(Stored entries)
>>>>>

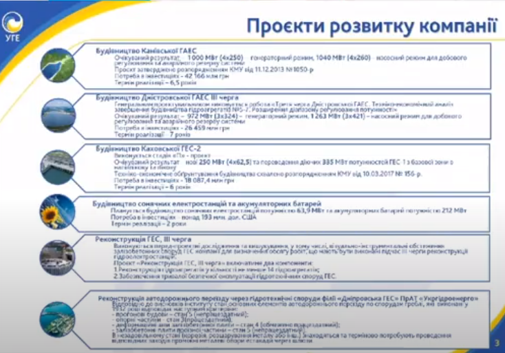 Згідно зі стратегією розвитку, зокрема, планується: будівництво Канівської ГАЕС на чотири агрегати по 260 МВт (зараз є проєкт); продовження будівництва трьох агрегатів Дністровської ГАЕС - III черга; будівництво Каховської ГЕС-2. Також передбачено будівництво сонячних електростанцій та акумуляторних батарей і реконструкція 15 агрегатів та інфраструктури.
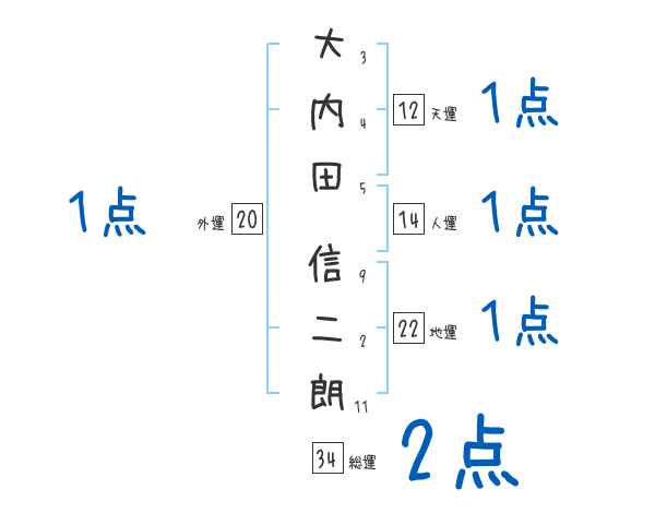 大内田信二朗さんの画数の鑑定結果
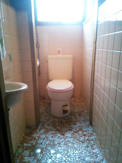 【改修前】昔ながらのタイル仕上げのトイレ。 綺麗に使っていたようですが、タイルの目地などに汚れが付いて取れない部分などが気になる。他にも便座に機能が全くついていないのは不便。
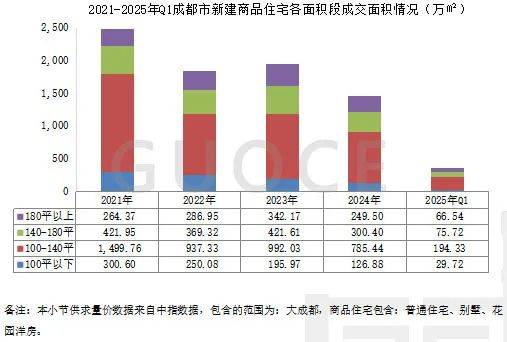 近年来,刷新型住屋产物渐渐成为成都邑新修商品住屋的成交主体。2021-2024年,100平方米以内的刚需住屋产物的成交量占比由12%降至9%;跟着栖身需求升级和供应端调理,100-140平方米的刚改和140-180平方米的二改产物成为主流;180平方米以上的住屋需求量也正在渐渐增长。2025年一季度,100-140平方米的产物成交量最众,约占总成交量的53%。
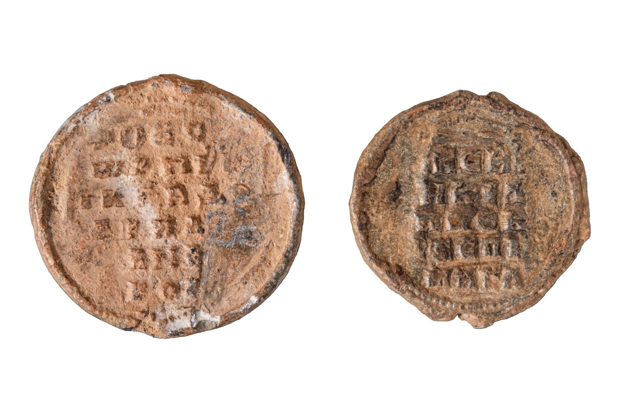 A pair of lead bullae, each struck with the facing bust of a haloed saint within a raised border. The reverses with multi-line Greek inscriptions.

<<<<<

| Prompt |
Return the data above in its exact wording, with none of the pictures.

| Reply |
 Згідно зі стратегією розвитку, зокрема, планується: будівництво Канівської ГАЕС на чотири агрегати по 260 МВт (зараз є проєкт); продовження будівництва трьох агрегатів Дністровської ГАЕС - III черга; будівництво Каховської ГЕС-2. Також передбачено будівництво сонячних електростанцій та акумуляторних батарей і реконструкція 15 агрегатів та інфраструктури.
 大内田信二朗さんの画数の鑑定結果
 【改修前】昔ながらのタイル仕上げのトイレ。 綺麗に使っていたようですが、タイルの目地などに汚れが付いて取れない部分などが気になる。他にも便座に機能が全くついていないのは不便。
 近年来,刷新型住屋产物渐渐成为成都邑新修商品住屋的成交主体。2021-2024年,100平方米以内的刚需住屋产物的成交量占比由12%降至9%;跟着栖身需求升级和供应端调理,100-140平方米的刚改和140-180平方米的二改产物成为主流;180平方米以上的住屋需求量也正在渐渐增长。2025年一季度,100-140平方米的产物成交量最众,约占总成交量的53%。
 A pair of lead bullae, each struck with the facing bust of a haloed saint within a raised border. The reverses with multi-line Greek inscriptions.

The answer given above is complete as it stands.